Как отмечают В.П. Алексеев и А.И. Першиц, экономические и идеологические принципы патриархата нередко активно внедрялись в жизнь мужскими тайными союзами: например, мужчины – члены таких объединений в масках грозных духов нападали на женщин, вымогая или отбирая их имущество, совершая насилия и даже убийства: при этом «тайные» союзы часто намеренно обнаруживали и афишировали свою антиженскую деятельность[65]. История обнаруживает множество мужских обществ («клубов»), где, в отрыве от матерей и других женщин, молодые люди с отрочества воспитывались в «мужских» обычаях, необязательности послушания матери и признания ее авторитета[66]. (Существовали также и женские союзы, «дома», «клубы». Они носили, как правило, вторичный характер и не были воинственными. Так, у африканских народов эти союзы играли роль важного фактора в общественной жизни, так как хозяйственные функции женщины были существенно значимыми[67]).

Кроме того, патриархат в эпоху классообразования все же не был универсальным порядком во взаимоотношениях полов. В некоторых обществах господство мужчин не установилось вплоть до возникновения ранних государств, да и то не вполне и окончательно выраженное – с сохранением влиятельного положения женщин. Однако, подчеркивают авторы «Истории первобытного общества», в большинстве своем это были общества, в которых практиковалось именно ручное земледелие, что еще раз с очевидностью указывает на роль межполового разделения труда, его влияния на отношения собственности и последующего переворота в положении полов[68]. Это же подтверждается и гораздо более ранними исследованиями: в местах, где кормились преимущественно охотой, значение женщины было не очень велико, где же плодами земли – господствовало влияние женщины (жены)[69]. «Руки женщины, – пишет Ю. Липперт, – впервые вертели жернов, она первая, ради своей дорогой ноши – ребенка, участвуя в охоте, заботливо, с трудом отыскивала и собирала питательные семена злаков, и там, где они росли, избирала место для очага, а впоследствии научилась искусно выращивать их… Таким образом, женщина дала образец предусмотрительного трудолюбия и сделалась матерью земледелия»[70].
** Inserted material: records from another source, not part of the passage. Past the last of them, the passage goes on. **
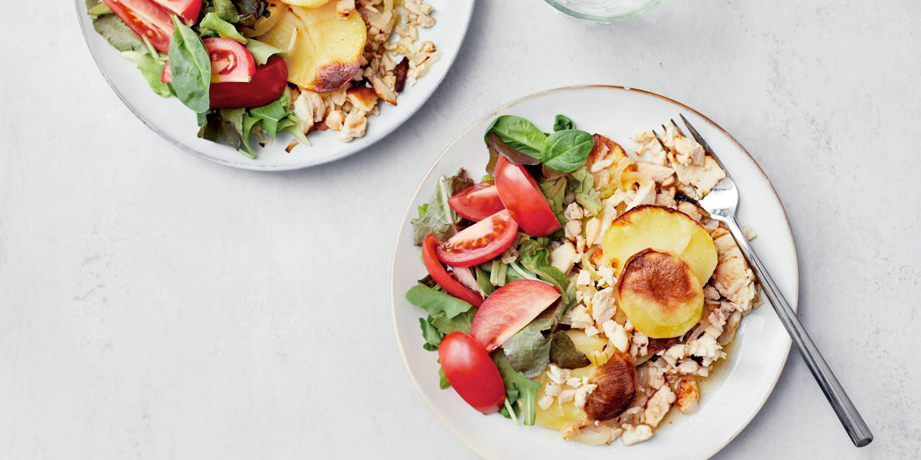 Ota vuoka uunista ja lisää perunaviipaleet, broilerviipaleet, omenakuutiot sekä liemi. Sekoita ja laita vuoka takaisin uuniin. Kuumenna 170°C yhdistelmäpaistolla noin 45 minuuttia.
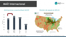 El avance de cosecha cubrió el 93,8 % de la superficie apta, estimando una producción acumulada de 19,5 MTn. Restan por recolectar unas 855 mil hectáreas, un 51 % de dicha superficie se concentra entre las regiones del NEA y Sudeste Bonaerense. Se espera que durante los próximos días finalicen las labores de cosecha. El rinde medio nacional es de 15,14 qq/Ha, lo que representa una caída del 45,7 % respecto a la previa campaña (2021/22: 27,9 qq/Ha). Mantenemos nuestra proyección de producción en 21 MTn.
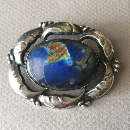 Georg Jensen Sterling Silver Brooch No. 130 with Labradorite
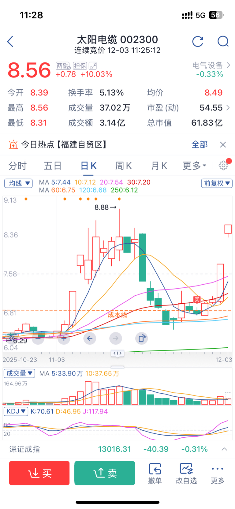 $太阳电缆(SZ002300)$ 打小就看着家伙有出息,毫不犹豫的低位持有!
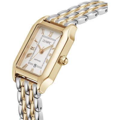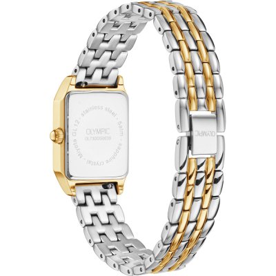 This Olympic watch has a case made of stainless steel with a diameter of 33 mm and is fitted with a stainless steel band. Inside the case lies a Miyota movement and the watch features a Sapphire crystal.
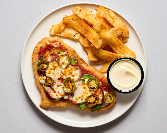 Tomato Base, Mushrooms, Capsicum, Spanish Onion, Mozzarella, topped with Peri Peri Mayo
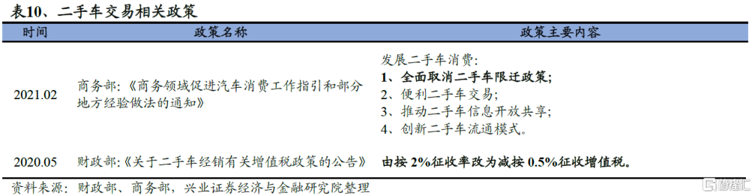增值税减按0.5%增收,限迁政策全面取消,两大政策促进二手车供给端与需求端同步增长:2020年4月,财政部发布关于二手车经销有关增值税政策的公吿,公吿称自2020年5月1日至2023年12月31日,从事二手车经销的纳税人销售其收购的二手车,由原按照简易办法依3%征收率减按2%征收增值税,改为减按0.5%征收增值税。2021年2月,商务部在《商务领域促进汽车消费工作指引和部分地方经验做法的通知》中,就扩大新车消费、发展二手车消费、促进汽车更新消费、培育汽车后市场等方面给出具体建议,提出要全面取消二手车限迁政策。我们认为,增值税减按0.5%增收政策有利于促进二手车经销商进入市场,二手车交易市场竞争与优质供给有望增强,限迁政策全面取消有望促进二手车需求释放。
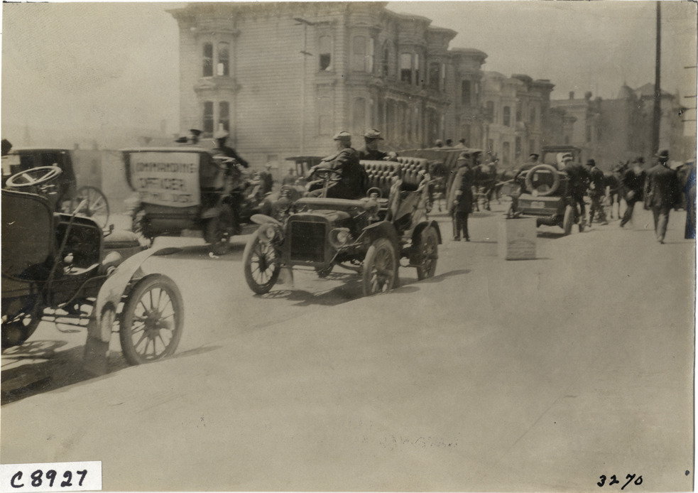 Automobiles in street, 1906 San Francisco earthquake and fire
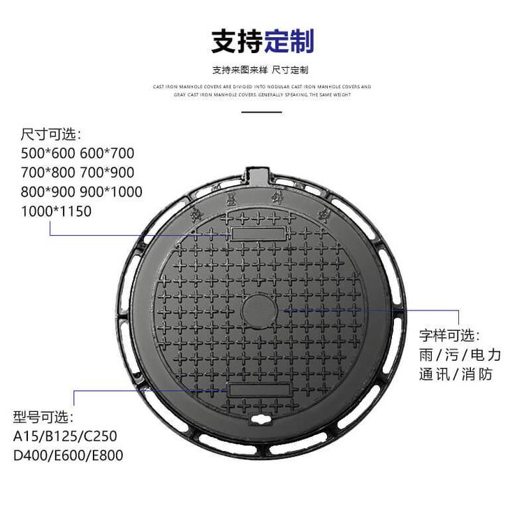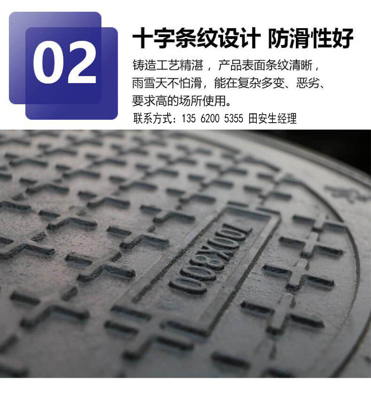 箅材质:是采用球墨铸铁QT500-7材质浇铸而成的产品,通过球化剂对于铸铁进行球化,使得铸铁结构结合更紧密,密度更高,强度更强,韧性更好。其综合性能接近于钢,性能优异。

Длительное время сохранялся у ряда народов (Древний Египет, Древняя Греция, африканские государства Лунда и Буганда и др.) и материнский счет родства. В Древнем Египте, иньском Китае, древней Спарте женщина, как известно, обладала достойным общественным статусом[71].

Поскольку причина угнетения женщины, пишет Симона де Бовуар, кроется в продлении рода и содержании вотчины в неприкосновенности, женщина может избежать абсолютной зависимости от мужчины в той мере, в какой ей удастся избежать семьи[72]; «если общество, отрицающее частную собственность, отвергает и семью, судьба женщины тем самым значительно улучшается». В Спарте, продолжает автор, где преобладал общинный строй, девочек воспитывали так же, как мальчиков; жена не заточалась в доме мужа, он так мало имел на нее прав, что другой мужчина для совершенствования своего рода мог потребовать соединения с нею – само понятие супружеской неверности исчезает, когда исчезает наследство; дети принадлежат городу; не имея потомков, не владея имуществом, мужчина не владеет и женой; женщины несут на себе тяготы материнства, как мужчины – тяготы войны[73].

Известны и более современные примеры. Так, среди аборигенов Австралии встречаются женщины, которые никогда не подчиняются мужчинам и говорят с ними как равные, являются примирительницами во время драк между мужчинами, членами совета старейшин и даже главами общин[74].

Впрочем, например, О.А. Ворониной не кажется принципиально важным, что явилось причиной закабаления женщин и детей в семье: накопление собственности в руках мужчин или, наоборот, «первоначальный акт агрессии способствовал накоплению собственности, которая содействовала утверждению власти мужчин» в семье и социуме. Гораздо важнее, с ее точки зрения, что формирование патриархатной (моногамной) семьи явилось началом становления патриархатных структур. Стратификация общества (в нашем случае – на гендерной основе) породила и продолжает воспроизводить антагонизм между полами, который может быть преодолен через «снятие» «маскулинистской идеологии» и патриархатного принципа социальной организации[75].

Полагаем все же, что не только результат (следствие), но и причина в нашем случае (как и во всех других) принципиальна. Другое дело, что системная теория таковой причины (причин) в философии, социологии, этнографии, видимо, пока не созрела…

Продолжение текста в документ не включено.